Material for the task –

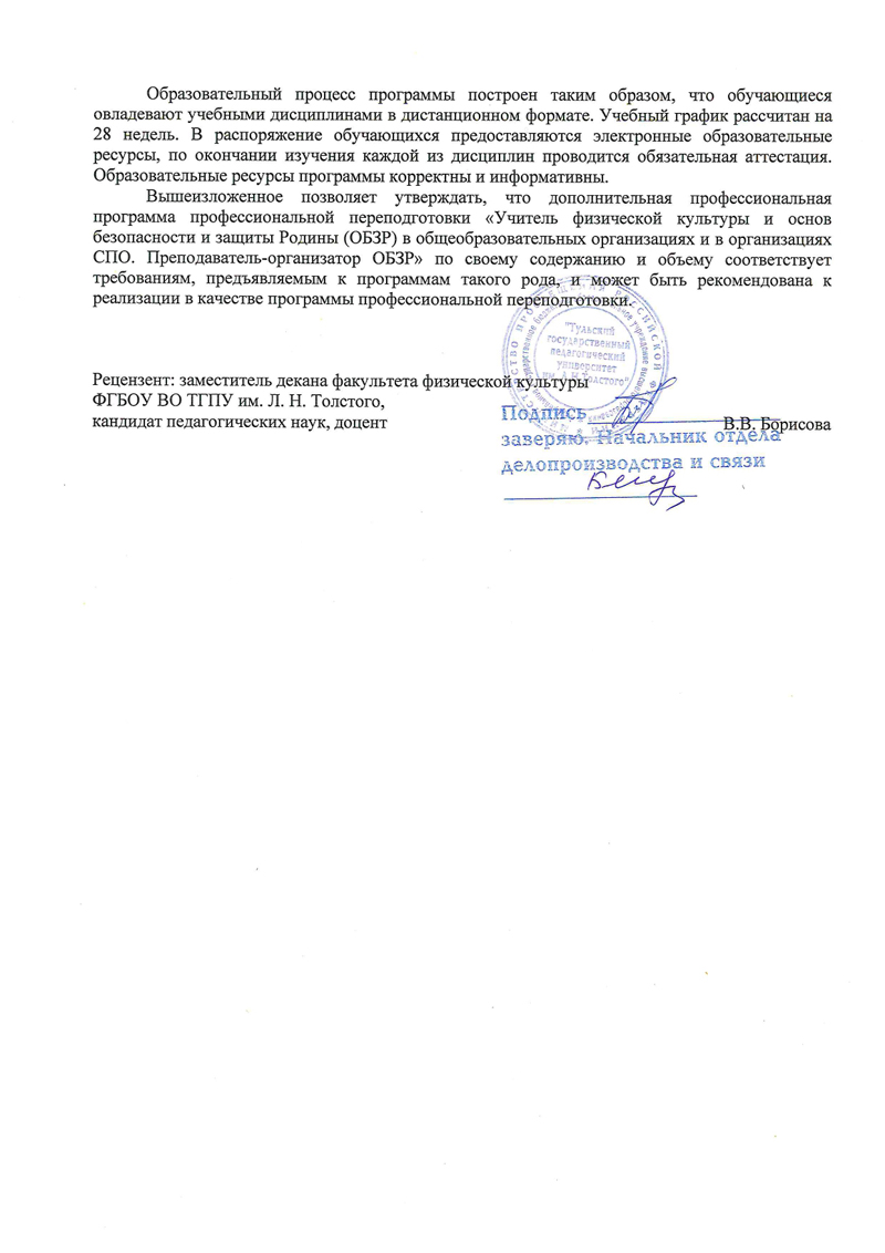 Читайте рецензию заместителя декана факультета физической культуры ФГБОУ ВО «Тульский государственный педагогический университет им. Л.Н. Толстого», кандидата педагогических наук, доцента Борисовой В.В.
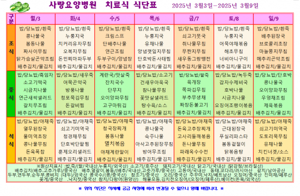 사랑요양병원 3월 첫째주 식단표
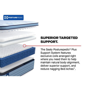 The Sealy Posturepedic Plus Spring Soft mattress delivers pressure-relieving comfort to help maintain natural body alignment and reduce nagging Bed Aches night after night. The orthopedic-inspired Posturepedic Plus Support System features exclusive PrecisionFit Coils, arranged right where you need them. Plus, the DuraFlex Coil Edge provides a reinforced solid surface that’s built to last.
...
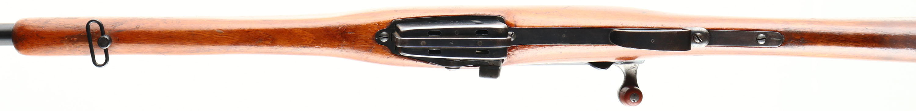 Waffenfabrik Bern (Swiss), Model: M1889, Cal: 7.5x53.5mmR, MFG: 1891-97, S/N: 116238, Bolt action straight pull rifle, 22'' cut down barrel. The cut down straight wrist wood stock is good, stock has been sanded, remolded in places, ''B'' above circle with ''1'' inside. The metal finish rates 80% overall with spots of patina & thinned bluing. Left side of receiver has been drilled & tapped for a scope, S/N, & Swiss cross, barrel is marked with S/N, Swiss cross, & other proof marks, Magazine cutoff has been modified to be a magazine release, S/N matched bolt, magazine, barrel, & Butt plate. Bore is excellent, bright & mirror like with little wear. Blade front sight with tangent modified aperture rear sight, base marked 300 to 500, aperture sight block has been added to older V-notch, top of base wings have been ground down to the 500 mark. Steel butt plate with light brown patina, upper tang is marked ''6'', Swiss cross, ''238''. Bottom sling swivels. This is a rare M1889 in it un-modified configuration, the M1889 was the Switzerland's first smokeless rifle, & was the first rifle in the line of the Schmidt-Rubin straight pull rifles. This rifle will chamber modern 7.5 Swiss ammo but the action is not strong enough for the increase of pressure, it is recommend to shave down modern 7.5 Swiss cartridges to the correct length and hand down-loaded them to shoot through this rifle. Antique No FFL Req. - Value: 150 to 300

Task statement – Leaving every picture aside, reproduce exactly the lines above from the one with "Читайте рецензию заместителя" up to and including the one with "사랑요양병원 3월 첫째주 식단표", and no others.

Your response –
 Читайте рецензию заместителя декана факультета физической культуры ФГБОУ ВО «Тульский государственный педагогический университет им. Л.Н. Толстого», кандидата педагогических наук, доцента Борисовой В.В.
 사랑요양병원 3월 첫째주 식단표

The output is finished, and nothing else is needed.